Despite these limitations, our findings have numerous implications for policy and for future research. Pediatric residents in many parts of the United States are caring for a large number of patients and families with LEP. Standardizing residency training on how to work effectively with interpreters is needed, as is work to structure EPAs related to communicating with patients with LEP to align residency programs in the Next Accreditation System. Additionally, our findings act as a reminder of the continued importance of diversifying the health care workforce in order to help overcome culture and language barriers. Finally, it is important to remember that knowledge, experience, and competency are not the only important factors in working with interpreters. Other issues such as cost, time, and habit need to be addressed as well.
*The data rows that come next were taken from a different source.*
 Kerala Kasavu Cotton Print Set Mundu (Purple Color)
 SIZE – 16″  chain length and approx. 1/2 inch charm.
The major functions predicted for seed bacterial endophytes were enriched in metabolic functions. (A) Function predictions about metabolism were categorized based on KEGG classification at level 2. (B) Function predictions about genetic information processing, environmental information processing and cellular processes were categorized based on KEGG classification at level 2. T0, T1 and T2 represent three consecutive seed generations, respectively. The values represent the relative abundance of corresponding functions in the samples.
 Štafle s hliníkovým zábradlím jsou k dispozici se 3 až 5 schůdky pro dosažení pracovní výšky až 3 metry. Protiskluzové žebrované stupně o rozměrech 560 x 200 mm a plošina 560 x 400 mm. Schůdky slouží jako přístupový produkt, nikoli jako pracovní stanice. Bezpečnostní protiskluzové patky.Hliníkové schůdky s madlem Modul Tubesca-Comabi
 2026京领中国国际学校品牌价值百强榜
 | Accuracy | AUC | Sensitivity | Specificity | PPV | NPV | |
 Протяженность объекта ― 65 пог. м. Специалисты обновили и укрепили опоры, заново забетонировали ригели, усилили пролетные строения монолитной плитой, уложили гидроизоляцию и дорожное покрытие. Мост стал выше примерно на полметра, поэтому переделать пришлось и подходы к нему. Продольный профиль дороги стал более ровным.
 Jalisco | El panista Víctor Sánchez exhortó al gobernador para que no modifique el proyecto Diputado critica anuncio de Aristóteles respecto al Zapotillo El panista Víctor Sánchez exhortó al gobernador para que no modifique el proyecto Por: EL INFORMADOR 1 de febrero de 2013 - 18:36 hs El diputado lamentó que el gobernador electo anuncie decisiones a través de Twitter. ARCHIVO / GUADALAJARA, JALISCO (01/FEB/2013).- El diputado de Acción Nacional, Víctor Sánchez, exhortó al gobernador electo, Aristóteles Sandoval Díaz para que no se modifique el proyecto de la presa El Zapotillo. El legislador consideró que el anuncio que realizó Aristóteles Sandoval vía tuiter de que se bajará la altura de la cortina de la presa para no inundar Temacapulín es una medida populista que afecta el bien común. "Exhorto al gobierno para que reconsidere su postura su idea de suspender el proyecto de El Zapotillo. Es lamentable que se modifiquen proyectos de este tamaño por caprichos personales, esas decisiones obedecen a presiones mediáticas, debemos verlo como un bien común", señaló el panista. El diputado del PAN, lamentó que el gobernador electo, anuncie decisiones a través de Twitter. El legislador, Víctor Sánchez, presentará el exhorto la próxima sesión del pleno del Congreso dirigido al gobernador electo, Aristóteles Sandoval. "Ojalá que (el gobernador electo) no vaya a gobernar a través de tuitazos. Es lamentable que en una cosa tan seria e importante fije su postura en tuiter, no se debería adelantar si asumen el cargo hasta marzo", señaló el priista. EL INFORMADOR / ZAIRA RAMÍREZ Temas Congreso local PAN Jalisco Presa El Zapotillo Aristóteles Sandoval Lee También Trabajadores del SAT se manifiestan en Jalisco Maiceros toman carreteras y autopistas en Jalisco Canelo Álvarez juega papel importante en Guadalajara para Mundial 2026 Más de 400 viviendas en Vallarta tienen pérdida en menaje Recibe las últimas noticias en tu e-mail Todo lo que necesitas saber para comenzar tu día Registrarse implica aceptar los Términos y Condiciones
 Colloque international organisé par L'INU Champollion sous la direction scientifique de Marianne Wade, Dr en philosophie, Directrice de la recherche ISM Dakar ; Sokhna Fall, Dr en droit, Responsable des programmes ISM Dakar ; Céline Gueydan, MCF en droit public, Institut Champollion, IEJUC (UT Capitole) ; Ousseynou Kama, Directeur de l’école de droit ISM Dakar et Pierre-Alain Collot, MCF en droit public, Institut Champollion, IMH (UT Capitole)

In conclusion, our study demonstrates that many residents are not receiving educational sessions on interpreter use during residency and that this lack of training is associated with low self-efficacy in the use of interpreters. Low self-efficacy may influence a provider’s decision to use interpreters or even to pursue future work with populations with LEP. Future physicians must be equipped with the skills necessary to confidently care for patients and families with LEP to help reduce health disparities. Standardizing and updating residency training curricula in the use of interpreters is one way to achieve this important goal.